Predicting the flexural behavior of steel-PVA hybrid fiber reinforced cementitious composite

Abstract

In this paper, experimental and theoretical investigations were performed on the flexural response of steel-PVA hybrid fiber reinforced cementitious composite (SPHFRCC). For the experimental part, a series of slump flow tests, direct tensile tests, and four-point bending tests were performed to explore the effect of the sand/binder ratio (S/B) (1.08, 1.18, 1.28), fiber content (0, 1.5%, 1.6%, 1.75%, 1.9%), and fiber hybrid proportion (1:15, 1:6, 4:15, 2:5, 3:4). The main findings manifested that increasing PVA fiber content can seriously weaken the workability of SPHFRCC, while the impact of S/B was negligible.
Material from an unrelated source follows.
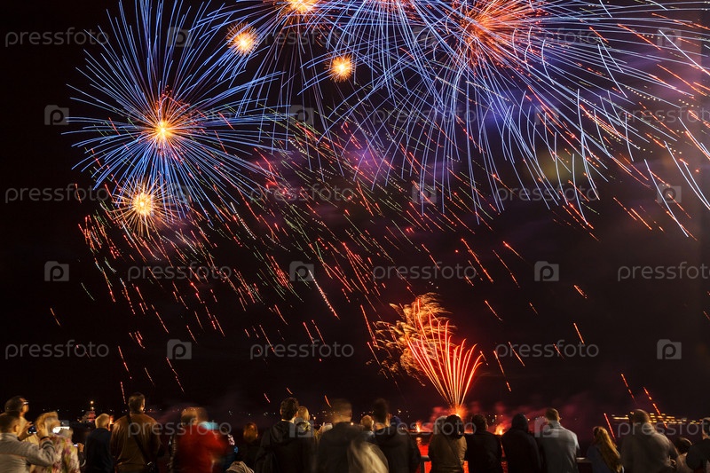 Фейерверк над набережной с толпой, наблюдающей за ночным праздником, длительным освещением световых путей и праздничной атмосферой

Maintaining a steel fiber content of 1.5% and adding PVA fiber from 0 to 0.4% resulted in a decrease in the slump by 12.3% and slump flow diameter by 43.0%. The post-cracking tensile response of SPHFRCC demonstrated strain hardening due to the presence of PVA fibers. Moreover, increasing PVA fiber proportion can tremendously raise the flexural strength and toughness, while the enhancement at an excessively high proportion of PVA fibers would be weakened. With a total fiber content of 1.75%, the addition of PVA fibers at 0.25%, 0.5%, and 0.75% to partially replace steel fibers resulted in an increase in the flexural strength by 9.3%, 34.3%, and 22.4%, and the flexural toughness corresponding to the deflection L/150 by 43.8%, 42.2%, and 47.2%, respectively. In the theoretical part, a novel tensile constitutive model was developed considering the probabilistic model and the effect of fiber pullout orientation. Also, a calculation method for the flexural response of SPHFRCC beams was presented in accordance with the sectional analysis. The validity of the developed models was evaluated by the comparisons between the test values and estimated curves.